James Fetzer, a retired professor who lives in the village of Oregon, appears Tuesday with one of his attorneys in Dane County Circuit Court. Fetzer was found in June to have defamed the father of a victim of the Sandy Hook shooting in 2012. A jury awarded his victim, Leonard Pozner, $450,000 in damages after his attorneys argued Fetzer’s writing contributed to his post-traumatic stress disorder.
JOHN HART, STATE JOURNAL

 

A Dane County jury on Tuesday decided a village of Oregon conspiracy theorist must pay the father of a boy killed in the 2012 Sandy Hook shootings $450,000 for falsely claiming that the father circulated fabricated copies of his son’s death certificate.

It took the jury nearly four hours to decide on the amount James Fetzer must pay Leonard Pozner, whose son, Noah, 6, was the youngest victim of the Dec. 14, 2012, massacre in Newtown, Connecticut. The award follows Circuit Judge Frank Remington’s ruling in June that Fetzer defamed Pozner with four false statements about the death certificate. The statements appeared in a book Fetzer co-authored and edited, and in his blog.

In his own statement after the jury delivered its decision, Pozner thanked the jury “for recognizing the pain and terror that Mr. Fetzer has purposefully inflicted on me and on other victims of these horrific mass casualty events, like the Sandy Hook shooting,” and emphasized that his case was not about First Amendment protections.
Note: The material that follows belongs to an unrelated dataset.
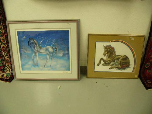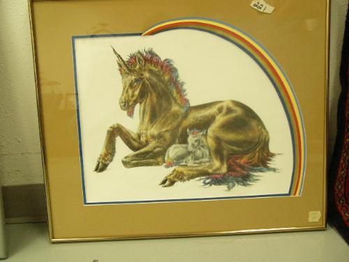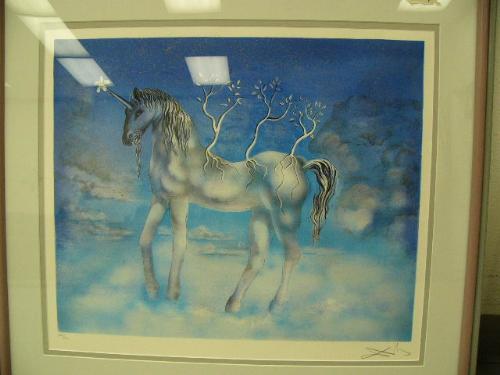 Salvador Daly print signed and numbered 244/300 and double matted and framed print of unicorn by M. Pena (155)

“Mr. Fetzer has the right to believe that Sandy Hook never happened,” he said. “He has the right to express his ignorance. This award, however, further illustrates the difference between the right of people like Mr. Fetzer to be wrong and the right of victims like myself and my child to be free from defamation, free from harassment and free from the intentional infliction of terror.”
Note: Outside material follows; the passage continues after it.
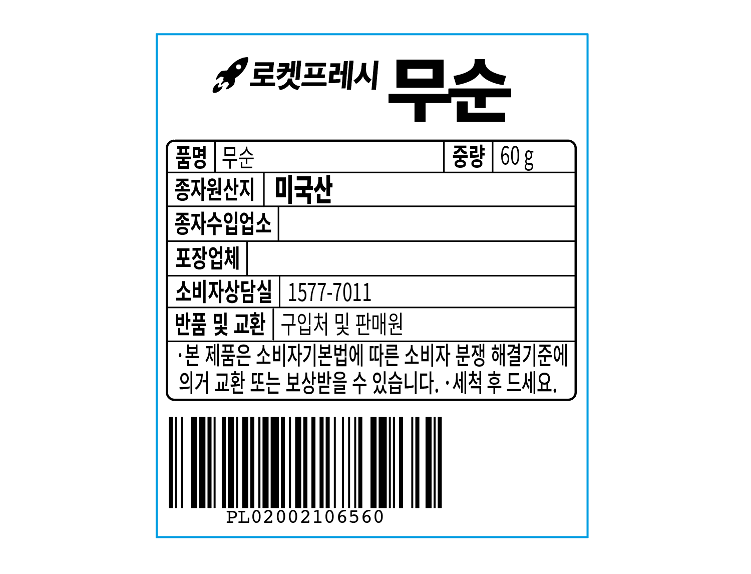 | 품목 또는 명칭 | 무순 | 포장단위별 내용물의 용량(중량),수량,크기 | 60gx2개 |

Fetzer called the damages amount “absurd” and said he would appeal.

Fetzer — a professor emeritus of philosophy from the University of Minnesota-Duluth and prolific conspiracy theorist on a range of events — claims the Sandy Hook massacre never happened but was instead an event staged by the Federal Emergency Management Agency as part of an Obama administration effort to enact tighter gun restrictions.

In closing arguments, Pozner attorney Genevieve Zimmerman called Fetzer’s claims in the 2015 book and 2018 blog post “alt-right opium.”

“It went around the internet like a virus,” she said. “This kind of alt-right fact that they want to believe is fact.”

In videotaped testimony aired Monday and Tuesday, forensic psychiatrist Roy Lubit said Pozner had been recovering from the post-traumatic stress disorder he suffered as a result of the murder of his son.

‘Still suffering’

“But were it not for the denial of the death of his son, the harassment and threats, he would have healed and been having a relatively normal life several years ago and he wouldn’t continue to have post-traumatic stress disorder,” said Lubit, who was testifying on a pro bono basis as the expert witness for the plaintiff.

Fetzer’s accusations were “a key part of why he is still suffering” and still meets criteria for PTSD, Lubit said.

Pozner testified during the trial that he’s been the subject of repeated harassment by people who don’t believe the Sandy Hook shootings occurred, including through messages posted to photos of his son on a memorial website.

His attorneys played two profanity-laced voicemail messages from a Florida woman named Lucy Richards who told Pozner he was going to die. She was later sentenced to five months in federal prison for the threats.

Fetzer attorney Richard Bolton sought to undermine Lubit’s testimony, noting that Lubit did not evaluate Pozner in person or review any of his medical records.

He told the jury that there was no evidence that Fetzner had ever threatened Pozner or that the people who threatened Pozner had ever read what Fetzer wrote.

“They can’t connect any significant, if any, harm to these four statements,” he said. “That’s a dot they have to connect and they have not.”

He said Pozner’s attorneys were urging them down a “dangerous road” to say that even if someone doesn’t read statements directed at someone else, and later acts against the targets of those statements, “you become the insurer for everybody else … whether they read it or not.”

Bolton also sought to tie Pozner’s suit to his alleged “animosity” toward Fetzer and to Pozner’s broader efforts to remove online material created by Sandy Hook deniers — attempts plaintiff’s attorneys objected to and Remington largely rejected, instead keeping the focus on the four defamatory statements.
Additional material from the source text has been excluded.